======== DATASET ENTRIES ========

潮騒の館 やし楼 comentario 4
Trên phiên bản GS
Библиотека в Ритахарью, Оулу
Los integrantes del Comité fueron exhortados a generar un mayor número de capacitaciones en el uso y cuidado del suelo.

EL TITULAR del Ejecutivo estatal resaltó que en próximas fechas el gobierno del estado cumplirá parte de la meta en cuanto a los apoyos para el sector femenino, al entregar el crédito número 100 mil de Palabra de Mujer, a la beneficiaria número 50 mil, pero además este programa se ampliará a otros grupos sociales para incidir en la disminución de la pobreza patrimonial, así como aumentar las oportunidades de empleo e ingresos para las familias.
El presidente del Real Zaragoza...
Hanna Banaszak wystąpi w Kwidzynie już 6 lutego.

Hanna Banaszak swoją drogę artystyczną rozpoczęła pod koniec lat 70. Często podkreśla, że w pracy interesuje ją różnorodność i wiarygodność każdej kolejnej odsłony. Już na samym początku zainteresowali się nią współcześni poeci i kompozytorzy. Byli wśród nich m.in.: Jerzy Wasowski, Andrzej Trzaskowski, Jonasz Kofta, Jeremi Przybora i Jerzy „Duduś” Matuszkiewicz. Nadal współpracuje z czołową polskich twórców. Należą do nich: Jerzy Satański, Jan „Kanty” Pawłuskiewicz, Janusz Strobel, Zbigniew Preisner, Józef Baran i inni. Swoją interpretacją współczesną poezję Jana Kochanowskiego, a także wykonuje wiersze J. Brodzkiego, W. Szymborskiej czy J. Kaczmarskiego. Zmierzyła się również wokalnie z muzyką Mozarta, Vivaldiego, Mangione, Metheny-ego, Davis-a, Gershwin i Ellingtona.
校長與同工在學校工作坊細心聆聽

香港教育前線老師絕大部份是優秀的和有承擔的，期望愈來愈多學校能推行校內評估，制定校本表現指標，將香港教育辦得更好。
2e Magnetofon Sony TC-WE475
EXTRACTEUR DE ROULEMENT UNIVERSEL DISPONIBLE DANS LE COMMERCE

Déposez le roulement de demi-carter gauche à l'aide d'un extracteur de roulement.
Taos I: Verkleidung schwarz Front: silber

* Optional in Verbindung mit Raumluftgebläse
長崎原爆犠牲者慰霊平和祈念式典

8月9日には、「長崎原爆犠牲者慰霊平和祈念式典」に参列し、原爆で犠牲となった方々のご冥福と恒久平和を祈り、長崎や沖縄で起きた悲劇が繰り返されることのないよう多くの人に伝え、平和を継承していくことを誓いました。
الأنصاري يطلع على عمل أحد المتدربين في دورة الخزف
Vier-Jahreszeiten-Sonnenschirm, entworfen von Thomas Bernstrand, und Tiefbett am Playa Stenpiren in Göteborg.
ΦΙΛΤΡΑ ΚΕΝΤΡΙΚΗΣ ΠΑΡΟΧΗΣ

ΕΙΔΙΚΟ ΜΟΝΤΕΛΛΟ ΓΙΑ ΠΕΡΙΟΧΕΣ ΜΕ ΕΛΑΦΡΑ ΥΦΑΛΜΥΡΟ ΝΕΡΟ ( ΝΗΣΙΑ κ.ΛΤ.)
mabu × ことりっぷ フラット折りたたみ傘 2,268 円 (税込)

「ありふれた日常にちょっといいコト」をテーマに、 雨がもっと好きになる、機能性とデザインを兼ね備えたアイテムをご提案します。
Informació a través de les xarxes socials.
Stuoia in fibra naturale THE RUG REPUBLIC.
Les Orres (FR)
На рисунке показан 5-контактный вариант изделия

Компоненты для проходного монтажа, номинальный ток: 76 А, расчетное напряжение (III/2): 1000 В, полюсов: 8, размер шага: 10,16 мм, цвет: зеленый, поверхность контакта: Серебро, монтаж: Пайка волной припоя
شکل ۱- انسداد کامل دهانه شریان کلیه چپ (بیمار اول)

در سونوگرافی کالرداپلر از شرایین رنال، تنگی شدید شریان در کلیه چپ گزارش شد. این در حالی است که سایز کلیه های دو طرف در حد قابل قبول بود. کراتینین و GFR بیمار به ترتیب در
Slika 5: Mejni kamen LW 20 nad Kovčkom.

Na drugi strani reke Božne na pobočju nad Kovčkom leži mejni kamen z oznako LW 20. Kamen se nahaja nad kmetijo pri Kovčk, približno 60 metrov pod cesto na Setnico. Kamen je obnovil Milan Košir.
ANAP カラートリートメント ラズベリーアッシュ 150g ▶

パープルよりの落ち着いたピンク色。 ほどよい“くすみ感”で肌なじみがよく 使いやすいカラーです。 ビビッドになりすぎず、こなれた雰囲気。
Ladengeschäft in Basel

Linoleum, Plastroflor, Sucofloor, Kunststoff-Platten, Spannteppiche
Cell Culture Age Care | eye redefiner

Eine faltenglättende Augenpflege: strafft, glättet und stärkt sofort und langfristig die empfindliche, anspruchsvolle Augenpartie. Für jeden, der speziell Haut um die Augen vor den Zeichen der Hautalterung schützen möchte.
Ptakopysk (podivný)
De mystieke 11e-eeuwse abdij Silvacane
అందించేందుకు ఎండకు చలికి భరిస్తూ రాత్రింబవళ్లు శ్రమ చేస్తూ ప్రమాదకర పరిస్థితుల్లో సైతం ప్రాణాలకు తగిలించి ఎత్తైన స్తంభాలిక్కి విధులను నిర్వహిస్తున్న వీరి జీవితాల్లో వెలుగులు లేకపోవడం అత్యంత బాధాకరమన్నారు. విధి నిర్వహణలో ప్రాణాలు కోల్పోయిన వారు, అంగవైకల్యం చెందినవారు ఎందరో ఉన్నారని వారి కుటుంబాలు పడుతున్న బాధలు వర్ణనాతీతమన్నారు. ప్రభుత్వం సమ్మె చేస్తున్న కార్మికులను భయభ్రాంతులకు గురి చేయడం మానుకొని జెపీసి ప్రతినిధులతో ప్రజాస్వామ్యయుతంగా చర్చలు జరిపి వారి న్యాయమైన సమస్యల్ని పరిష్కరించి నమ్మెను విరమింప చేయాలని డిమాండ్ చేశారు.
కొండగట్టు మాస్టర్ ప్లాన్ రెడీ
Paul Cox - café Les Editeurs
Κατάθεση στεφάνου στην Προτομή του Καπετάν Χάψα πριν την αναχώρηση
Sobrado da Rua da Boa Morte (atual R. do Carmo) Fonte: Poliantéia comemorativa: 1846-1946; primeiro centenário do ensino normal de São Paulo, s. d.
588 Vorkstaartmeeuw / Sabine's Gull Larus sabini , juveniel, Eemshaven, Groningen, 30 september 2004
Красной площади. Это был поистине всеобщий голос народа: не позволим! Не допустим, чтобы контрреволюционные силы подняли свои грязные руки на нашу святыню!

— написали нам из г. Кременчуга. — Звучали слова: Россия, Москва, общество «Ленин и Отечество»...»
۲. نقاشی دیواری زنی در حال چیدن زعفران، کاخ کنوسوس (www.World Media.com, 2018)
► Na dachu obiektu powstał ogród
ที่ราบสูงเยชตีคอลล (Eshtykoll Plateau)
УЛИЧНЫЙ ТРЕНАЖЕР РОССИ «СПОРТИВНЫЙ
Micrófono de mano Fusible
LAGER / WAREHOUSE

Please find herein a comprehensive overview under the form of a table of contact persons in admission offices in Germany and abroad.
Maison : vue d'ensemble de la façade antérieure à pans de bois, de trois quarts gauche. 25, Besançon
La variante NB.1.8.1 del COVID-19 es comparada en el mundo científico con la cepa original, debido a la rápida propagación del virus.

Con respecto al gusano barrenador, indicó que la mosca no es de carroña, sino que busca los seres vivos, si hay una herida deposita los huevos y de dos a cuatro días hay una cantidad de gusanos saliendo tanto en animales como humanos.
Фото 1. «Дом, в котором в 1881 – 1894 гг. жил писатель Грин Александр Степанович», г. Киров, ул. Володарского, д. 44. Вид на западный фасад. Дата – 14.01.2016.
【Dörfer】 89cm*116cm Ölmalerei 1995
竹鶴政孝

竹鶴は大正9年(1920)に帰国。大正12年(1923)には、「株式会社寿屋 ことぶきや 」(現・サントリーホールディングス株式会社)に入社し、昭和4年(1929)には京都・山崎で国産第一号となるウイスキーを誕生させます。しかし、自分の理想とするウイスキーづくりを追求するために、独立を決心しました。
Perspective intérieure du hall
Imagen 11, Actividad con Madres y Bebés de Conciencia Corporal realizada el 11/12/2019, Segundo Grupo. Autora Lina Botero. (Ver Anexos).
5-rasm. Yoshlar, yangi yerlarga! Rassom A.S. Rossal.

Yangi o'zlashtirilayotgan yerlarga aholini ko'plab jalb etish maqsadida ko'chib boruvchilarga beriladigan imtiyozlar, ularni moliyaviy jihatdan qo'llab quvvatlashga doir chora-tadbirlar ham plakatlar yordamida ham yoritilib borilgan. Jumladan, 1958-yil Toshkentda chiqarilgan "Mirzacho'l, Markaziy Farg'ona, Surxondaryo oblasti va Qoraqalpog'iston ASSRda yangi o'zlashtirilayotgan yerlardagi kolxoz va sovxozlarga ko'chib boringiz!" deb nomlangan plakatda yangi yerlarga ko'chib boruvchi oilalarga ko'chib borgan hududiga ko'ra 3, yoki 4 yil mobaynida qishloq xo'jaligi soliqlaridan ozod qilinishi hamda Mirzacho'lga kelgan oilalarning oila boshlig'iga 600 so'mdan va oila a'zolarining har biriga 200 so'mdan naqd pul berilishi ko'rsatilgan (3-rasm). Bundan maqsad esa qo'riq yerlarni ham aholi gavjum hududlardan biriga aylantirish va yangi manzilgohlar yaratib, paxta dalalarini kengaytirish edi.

========

*WORK TO BE COMPLETED*. Search the data for the string "Kovčkom" and copy every line where it appears.

*REPLY*.
Slika 5: Mejni kamen LW 20 nad Kovčkom.
Na drugi strani reke Božne na pobočju nad Kovčkom leži mejni kamen z oznako LW 20. Kamen se nahaja nad kmetijo pri Kovčk, približno 60 metrov pod cesto na Setnico. Kamen je obnovil Milan Košir.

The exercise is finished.